An attorney for acting White House chief of staff Mick Mulvaney said Fiona Hill's testimony was "riddled with speculation and guesses" about any role that he played with Ukraine.
Mulvaney's lawyer Robert Driscoll said Hill "bases much of her testimony about him on things allegedly heard from unnamed staffers, guards in the West Wing, and 'many people.'”
Driscoll said that Mulvaney never met Hill and called the impeachment inquiry a "sham."
Why this matters: Hill first testified behind closed doors that it became clear during a July 10 meeting at the White House that an Oval Office visit for Ukraine’s president was contingent on him opening an investigation into President Trump’s political rivals.
Hill told lawmakers that Gordon Sondland, the US ambassador to the European Union, said there was an agreement with Mulvaney that “they would have a White House meeting or, you know, a Presidential meeting, if the Ukrainians started up these investigations again.”
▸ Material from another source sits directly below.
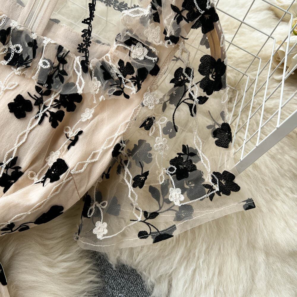 優しいティーブレイクフレンチファーストラブドレスシックなデザイン植毛プリントスカートタックウエストラージスイングAラインスカート lyxaj14814826105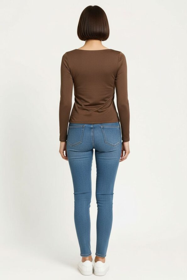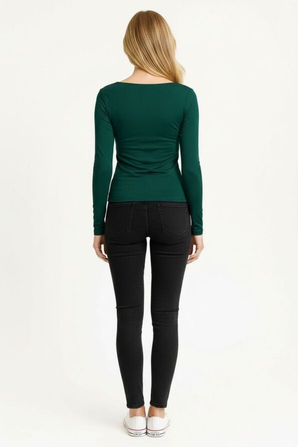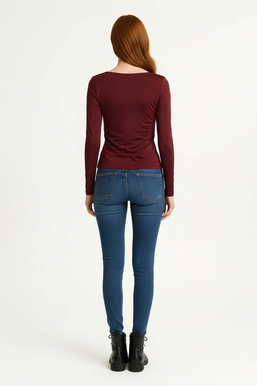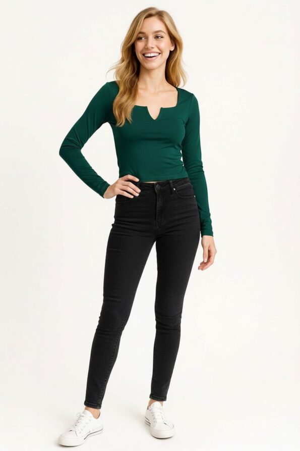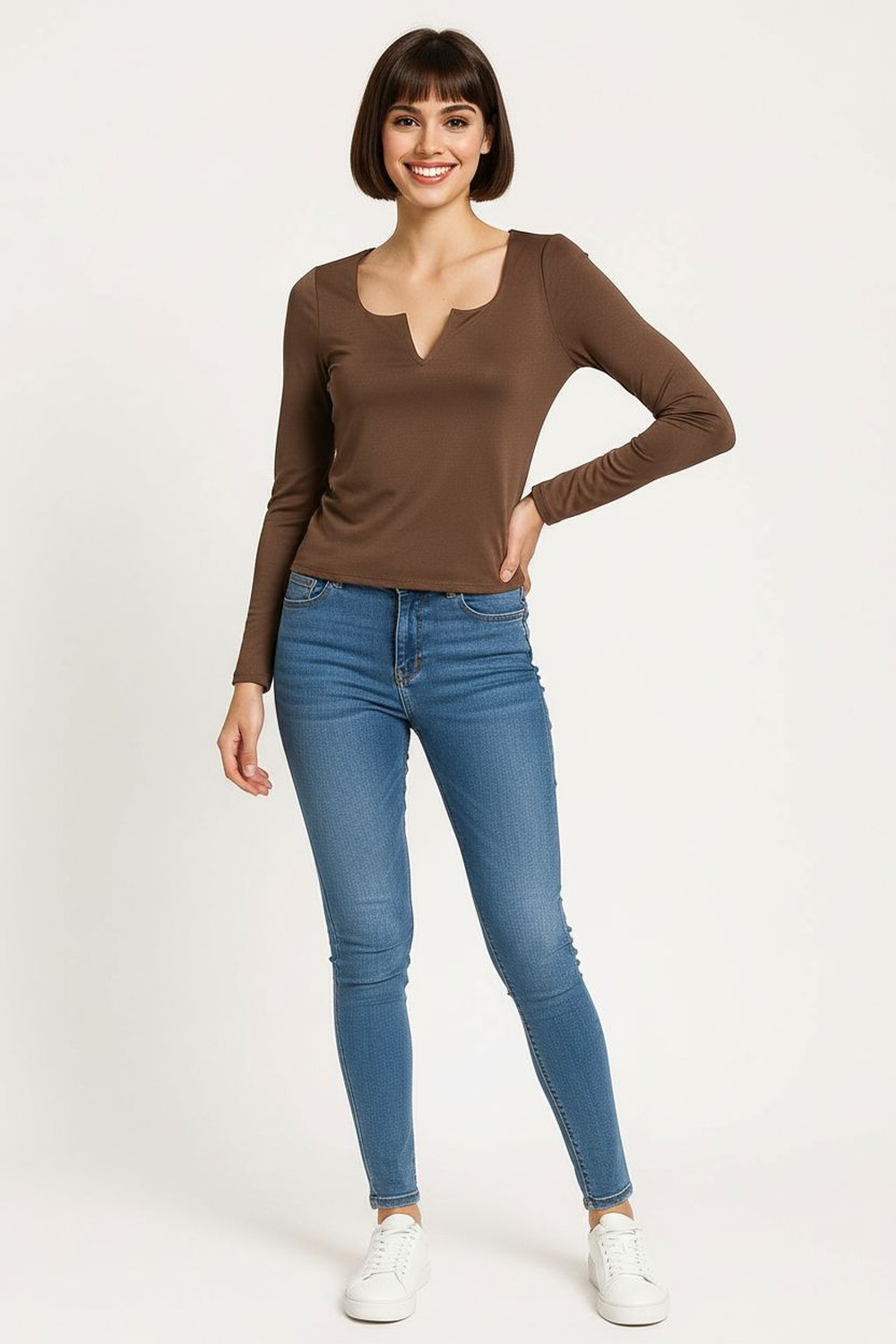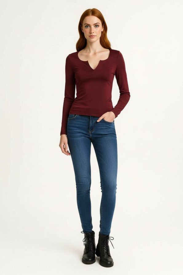 Playera de manga larga con cuello en ojal en forma de V que realza el escote con un diseño atractivo, corte ajustado que estiliza la figura, largo por encima de la cintura que aporta un look moderno y juvenil, confección en tela elástica que se adapta cómodamente al cuerpo brindando suavidad y libertad de movimiento, acabados reforzados que aseguran durabilidad en cada uso

In her public testimony today, Hill said "it struck me...when you put up on the screen Ambassador Sondland's emails, and who was on these emails, and he said these are the people who need to know, that he was absolutely right," Hill said, referencing emails Sondland had sent to officials that included Mulvaney. "Because he was being involved in a domestic political errand. And we were being involved in national security foreign policy. And those two things had just diverged."